DIRECTIONS FOR THIS TASK: Copy the lines below as they are; omit the images they contain.

GIVEN MATERIAL:
==========
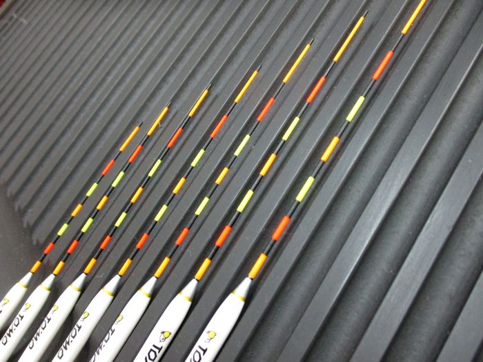 タナに届いてからはスローテーパー仕様(1.1-1.3mm径)のパイプトップでしっかりとしたエサ持ちや耐えの表現からの正確なアタリがでるようにと構想。
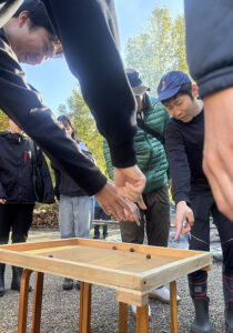 まずは、アイスブレークを兼ねて「第1回 ドングリゴマ王座決定選!しがぎんカップin河辺いきものの森」を行いました。ドングリゴマは簡単に作れるおもちゃですが、軸をぶらさずよく回すためには、ベストなドングリ選びやど真ん中に爪楊枝を差し込むなど、知恵と工夫が必要です!4チームに分かれて勝ち抜き選手権を行いました。勝者は誰⁉と、どのチームも盛り上がっていました☆
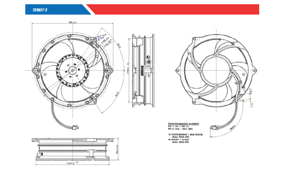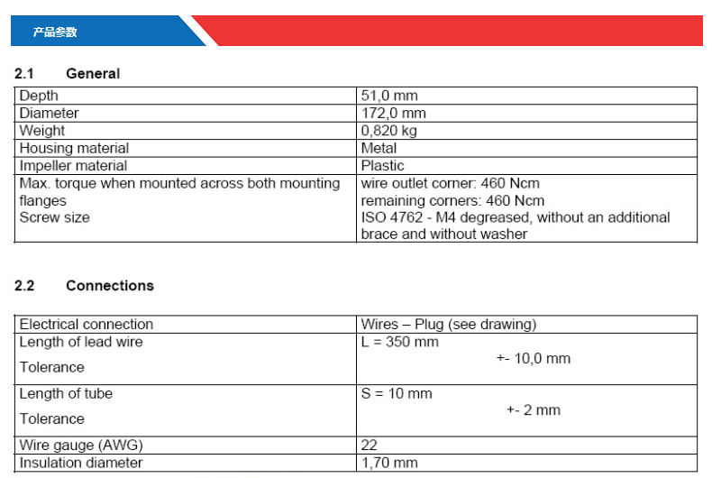ebmpapst風扇W2E143-AA09-01兩根電源線代表電容器那部分已經(jīng)接在機體內(nèi)部,僅需將兩根電源線分別與來自空開的火線及電容線連接。
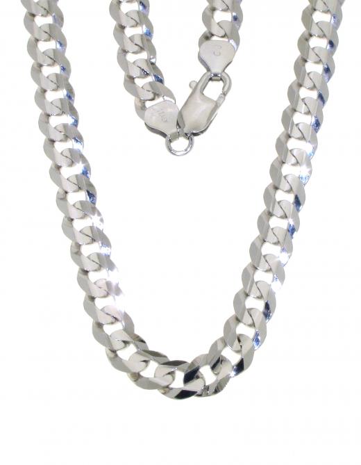 A Sterling Silver 24" 8mm Concave Curb Chain is a bold and substantial jewellery piece with a striking design. The curb chain style is characterized by its flattened, interlocking links that provide durability and a classic look.
==========
RESULT OF THIS TASK:
 タナに届いてからはスローテーパー仕様(1.1-1.3mm径)のパイプトップでしっかりとしたエサ持ちや耐えの表現からの正確なアタリがでるようにと構想。
 まずは、アイスブレークを兼ねて「第1回 ドングリゴマ王座決定選!しがぎんカップin河辺いきものの森」を行いました。ドングリゴマは簡単に作れるおもちゃですが、軸をぶらさずよく回すためには、ベストなドングリ選びやど真ん中に爪楊枝を差し込むなど、知恵と工夫が必要です!4チームに分かれて勝ち抜き選手権を行いました。勝者は誰⁉と、どのチームも盛り上がっていました☆
ebmpapst風扇W2E143-AA09-01兩根電源線代表電容器那部分已經(jīng)接在機體內(nèi)部,僅需將兩根電源線分別與來自空開的火線及電容線連接。
 A Sterling Silver 24" 8mm Concave Curb Chain is a bold and substantial jewellery piece with a striking design. The curb chain style is characterized by its flattened, interlocking links that provide durability and a classic look.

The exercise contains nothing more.